Task description: Reproduce the lines below exactly, from the one containing "This 'Whiskers' cow" through the one containing "- Agar Pihak", both included. Leave out any pictures.

Task input:
= Beginning of Section =
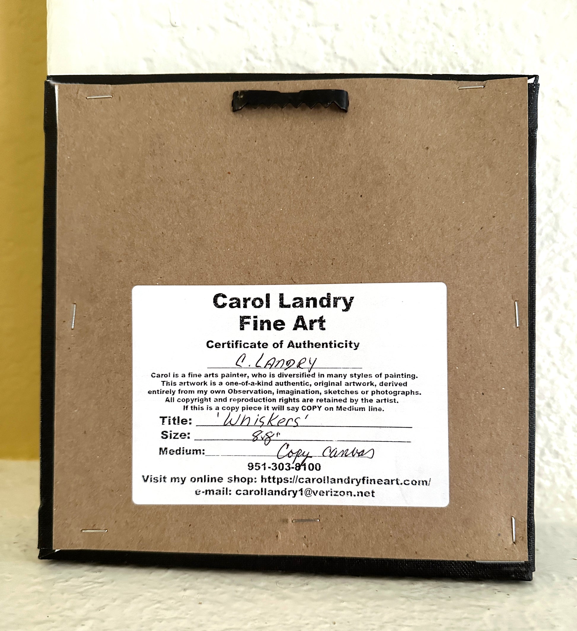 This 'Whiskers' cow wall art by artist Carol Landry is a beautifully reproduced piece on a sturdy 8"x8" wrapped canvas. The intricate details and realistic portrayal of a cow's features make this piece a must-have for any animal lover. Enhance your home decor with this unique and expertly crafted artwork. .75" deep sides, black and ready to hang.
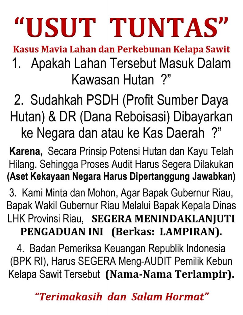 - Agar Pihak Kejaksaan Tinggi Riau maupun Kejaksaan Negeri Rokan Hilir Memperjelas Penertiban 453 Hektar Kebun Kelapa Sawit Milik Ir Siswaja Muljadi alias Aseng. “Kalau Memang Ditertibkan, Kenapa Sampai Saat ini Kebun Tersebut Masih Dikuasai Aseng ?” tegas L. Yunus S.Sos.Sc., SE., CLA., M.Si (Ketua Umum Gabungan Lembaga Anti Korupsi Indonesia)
= End of Section =
= Beginning of Section =
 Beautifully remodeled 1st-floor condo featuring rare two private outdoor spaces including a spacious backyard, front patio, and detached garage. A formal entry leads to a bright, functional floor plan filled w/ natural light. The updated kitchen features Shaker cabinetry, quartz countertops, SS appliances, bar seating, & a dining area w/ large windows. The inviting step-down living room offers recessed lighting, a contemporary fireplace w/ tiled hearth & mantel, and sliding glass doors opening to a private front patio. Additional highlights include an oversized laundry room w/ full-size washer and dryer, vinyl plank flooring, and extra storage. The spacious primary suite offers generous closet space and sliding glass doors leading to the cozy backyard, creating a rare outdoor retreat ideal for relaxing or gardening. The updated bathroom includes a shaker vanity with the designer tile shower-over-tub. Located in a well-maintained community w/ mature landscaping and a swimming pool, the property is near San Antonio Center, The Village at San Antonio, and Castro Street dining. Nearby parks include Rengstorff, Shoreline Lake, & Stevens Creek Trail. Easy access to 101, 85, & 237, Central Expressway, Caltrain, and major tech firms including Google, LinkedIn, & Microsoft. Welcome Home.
= End of Section =
Expected output:
 This 'Whiskers' cow wall art by artist Carol Landry is a beautifully reproduced piece on a sturdy 8"x8" wrapped canvas. The intricate details and realistic portrayal of a cow's features make this piece a must-have for any animal lover. Enhance your home decor with this unique and expertly crafted artwork. .75" deep sides, black and ready to hang.
 - Agar Pihak Kejaksaan Tinggi Riau maupun Kejaksaan Negeri Rokan Hilir Memperjelas Penertiban 453 Hektar Kebun Kelapa Sawit Milik Ir Siswaja Muljadi alias Aseng. “Kalau Memang Ditertibkan, Kenapa Sampai Saat ini Kebun Tersebut Masih Dikuasai Aseng ?” tegas L. Yunus S.Sos.Sc., SE., CLA., M.Si (Ketua Umum Gabungan Lembaga Anti Korupsi Indonesia)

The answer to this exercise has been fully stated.